## Raw Datasets From Excel to Parquet

The idea of this notebook is to create parquet files of each dataset to improve I/O and storage speed of each dataset.

#### Importing Key Libraries

In [1]:
import numpy as np

import pandas as pd
from pandas import Series, DataFrame

import pyarrow as pa
import pyarrow.parquet as pq

#### Reading Raw Data
We are using version 4 of the raw dataset provided by the Fairfax Fire and Rescue Department on February 25, 2021.

In [2]:
df_pat = pd.read_excel(io = '../data/01_raw/20210225-ems-raw-v04.xlsx', sheet_name='Patients')
df_pro = pd.read_excel(io = '../data/01_raw/20210225-ems-raw-v04.xlsx', sheet_name='Procedures')
df_med = pd.read_excel(io = '../data/01_raw/20210225-ems-raw-v04.xlsx', sheet_name='Medications')

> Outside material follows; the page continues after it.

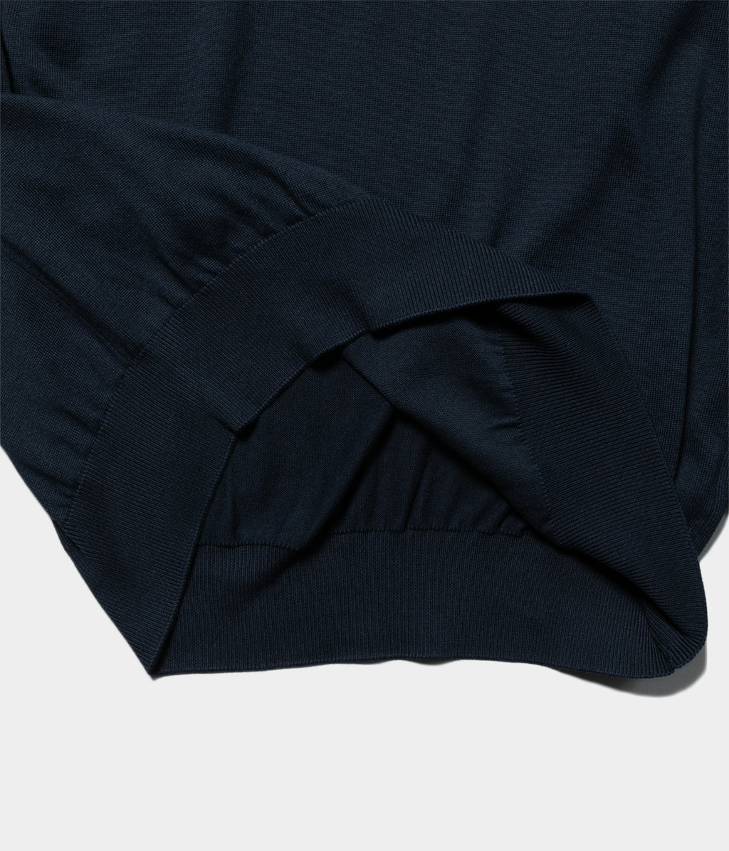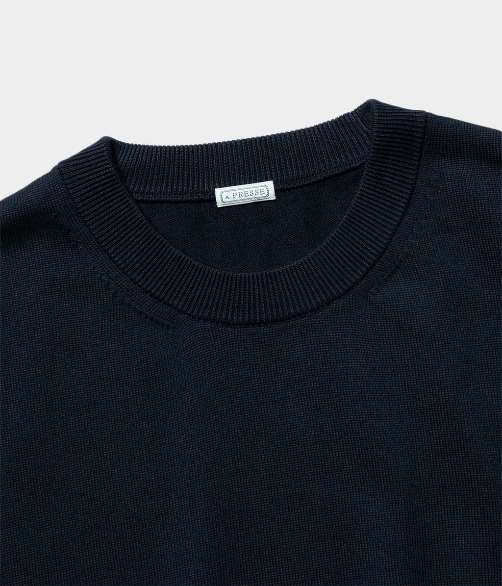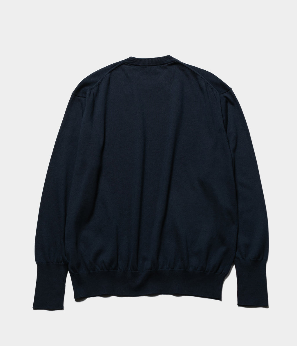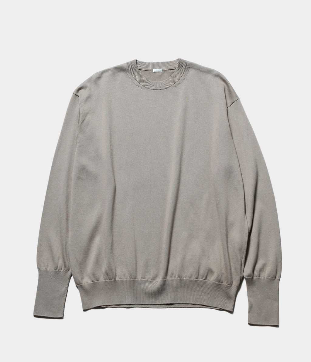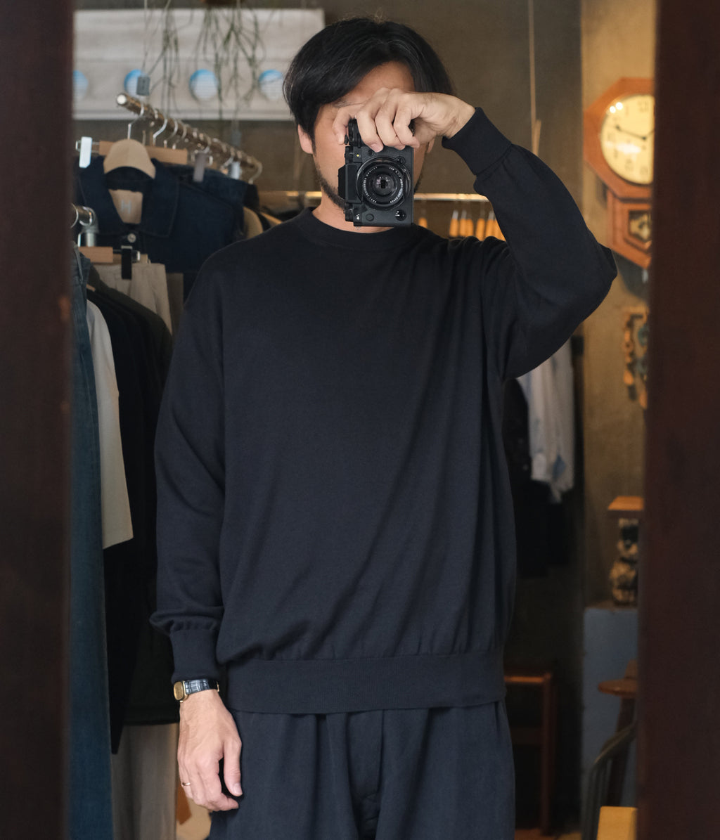 【デザイン】カットソーのロンTやスウェットの様にカジュアルにも、ハイゲージニットの様にクロージングスタイルにも合わせることが出来るクルーネックニット。

#### Adjusting Value Type for Each Series in the Data Frame.
In this section we are considering that:
* all ID attributes will be considered as strings
* all Date attributes will be set to datetime64
* Any other type of attributes will be considered as categorical

Setting values as categorical as much as possible and where appropriate will help improving performance during analytics.

In [3]:
df_pat = df_pat.astype(dtype = {'Shift': 'category',
                                'FireStation': 'category',
                                'Battalion': 'category',
                                'PatientOutcome': 'category',
                                'PatientGender': 'category',
                                'FRDPersonnelGender': 'category',
                                'UnitId': 'category',              
                                'CrewMemberRoles': 'category',     
                                'PatientId': 'string',
                                'FRDPersonnelID': 'string',
                                'DispatchTime': 'datetime64',
                                'FRDPersonnelStartDate': 'datetime64'})

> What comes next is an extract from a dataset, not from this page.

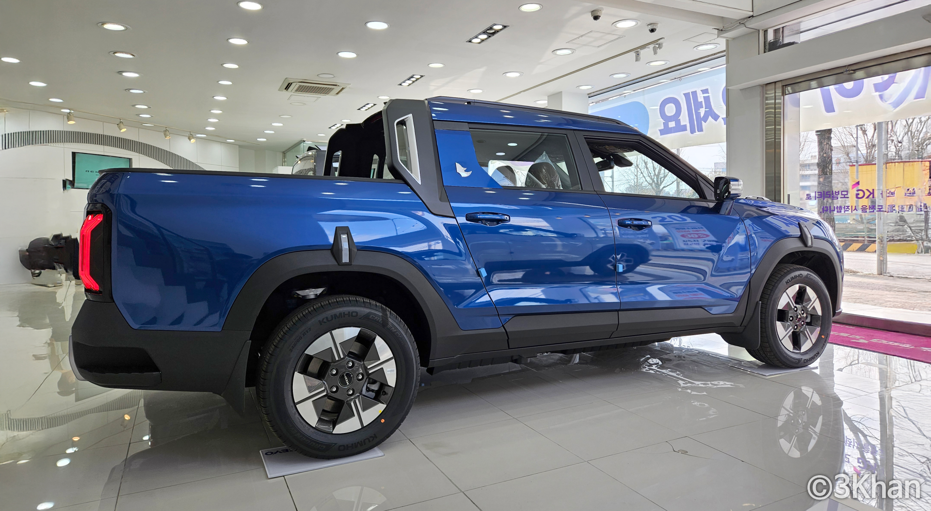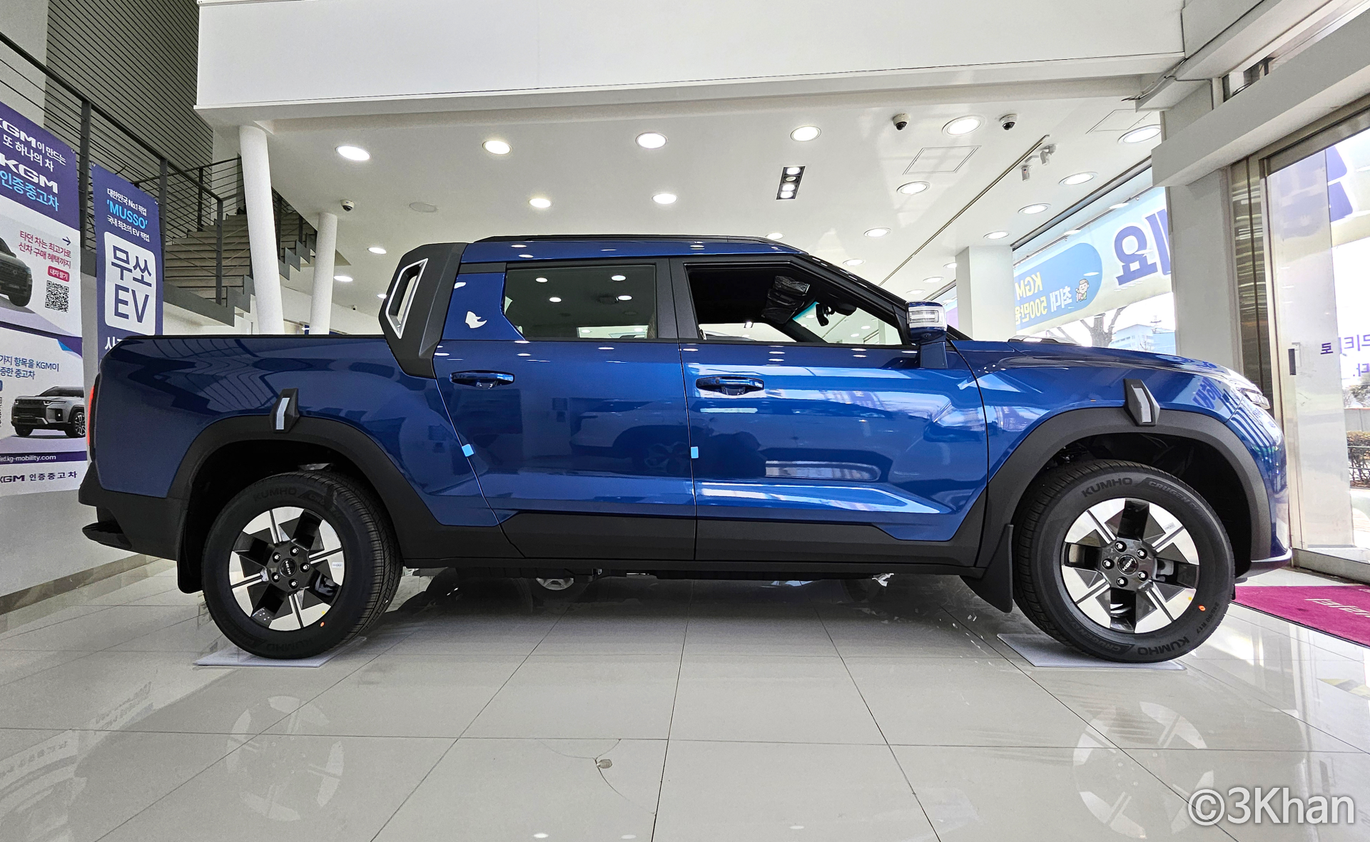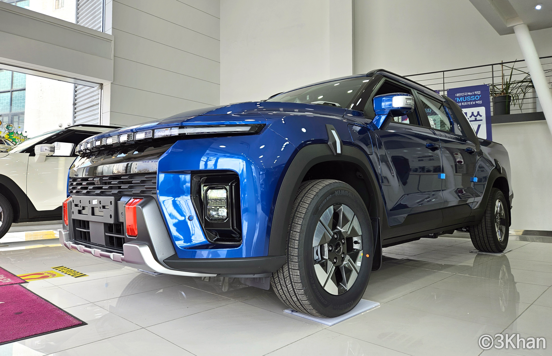 마린 블루 컬러의 KGM 무쏘 EV 전시차가 딱 들어와서 구경해 보고 왔습니다.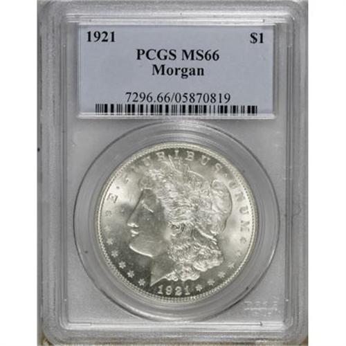 <B>1921 $1 MS66 PCGS.</B></I> PCGS Population (457/12). NGC Census: (648/14). Mintage: 44,690,000. Numismedia Wsl. Price for NGC/PCGS coin in MS66: $725. (#7296)<BR><BR><b>Shipping:</b> Coins & Currency (<a target="_blank" href="http://www.heritageauctions.com/common/shipping.php">view shipping information</a>)

df_pro = df_pro.astype(dtype = {'Procedure_Performed_Code': 'category',
                                'Procedure_Performed_Description': 'category',
                                'PatientId': 'string',
                                'FRDPersonnelID': 'string',
                                'Dim_Procedure_PK': 'string',
                                'Procedure_Performed_Date_Time': 'datetime64'})

df_med = df_med.astype(dtype = {'Medication_Given_RXCUI_Code': 'category',
                                'Medication_Given_Description': 'category',
                                'PatientId': 'string',
                                'FRDPersonnelID': 'string',
                                'Dim_Medication_PK': 'string',
                                'Medication_Administered_Date_Time': 'datetime64'})

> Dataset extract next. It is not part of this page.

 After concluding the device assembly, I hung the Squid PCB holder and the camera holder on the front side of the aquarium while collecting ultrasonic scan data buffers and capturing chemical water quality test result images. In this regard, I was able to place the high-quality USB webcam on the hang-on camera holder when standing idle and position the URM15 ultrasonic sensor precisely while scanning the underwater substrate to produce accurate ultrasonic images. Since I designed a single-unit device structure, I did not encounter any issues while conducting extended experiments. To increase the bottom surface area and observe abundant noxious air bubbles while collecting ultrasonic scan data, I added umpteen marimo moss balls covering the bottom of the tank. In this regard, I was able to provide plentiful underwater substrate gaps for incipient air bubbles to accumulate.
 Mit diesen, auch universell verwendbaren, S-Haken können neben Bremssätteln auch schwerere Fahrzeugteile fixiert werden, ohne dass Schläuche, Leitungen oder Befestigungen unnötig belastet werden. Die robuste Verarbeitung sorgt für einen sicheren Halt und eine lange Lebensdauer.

#### Writing Parquet Files into Local Directory

In [4]:
# Step 1: Convert DataFrame into PyArrow Table
pat_tab_w = pa.Table.from_pandas(df_pat)
pro_tab_w = pa.Table.from_pandas(df_pro)
med_tab_w = pa.Table.from_pandas(df_med)

# Step 2: Write the Table into parquet format and save it in the raw data folder.
pq.write_table(pat_tab_w, '../data/01_raw/20210225-ems-v04-patients-raw.parquet')
pq.write_table(pro_tab_w, '../data/01_raw/20210225-ems-v04-procedures-raw.parquet')
pq.write_table(med_tab_w, '../data/01_raw/20210225-ems-v04-medications-raw.parquet')

#### Creating New DataFrames from Parquet
The following script can be repeated in any of your notebooks to load the DataFrames from parquet instead of the excel file. If you are like me that creates a new notebook for each concern, you will enjoy of faster loading time than using excel files.

For illustration purposes, I have included the libraries you need to import for this script to work as intended on any notebook.

In [5]:
import pandas as pd
import pyarrow as pa
import pyarrow.parquet as pq

pat_df_r = pq.read_table('../data/01_raw/20210225-ems-v04-patients-raw.parquet')\
             .to_pandas(categories=['FireStation','Battalion'])
pro_df_r = pq.read_table('../data/01_raw/20210225-ems-v04-procedures-raw.parquet')\
             .to_pandas(categories=['Procedure_Performed_Code'])
med_df_r = pq.read_table('../data/01_raw/20210225-ems-v04-medications-raw.parquet')\
             .to_pandas(categories=['Medication_Given_RXCUI_Code'])

#### Excel to Parquet DataFrames Validation
As a validation mechanisim, I'm going to run a test for each dataset to validate that both data frames present the same shape. This should give you the certainty that no records were lost during after converting the files to parquet.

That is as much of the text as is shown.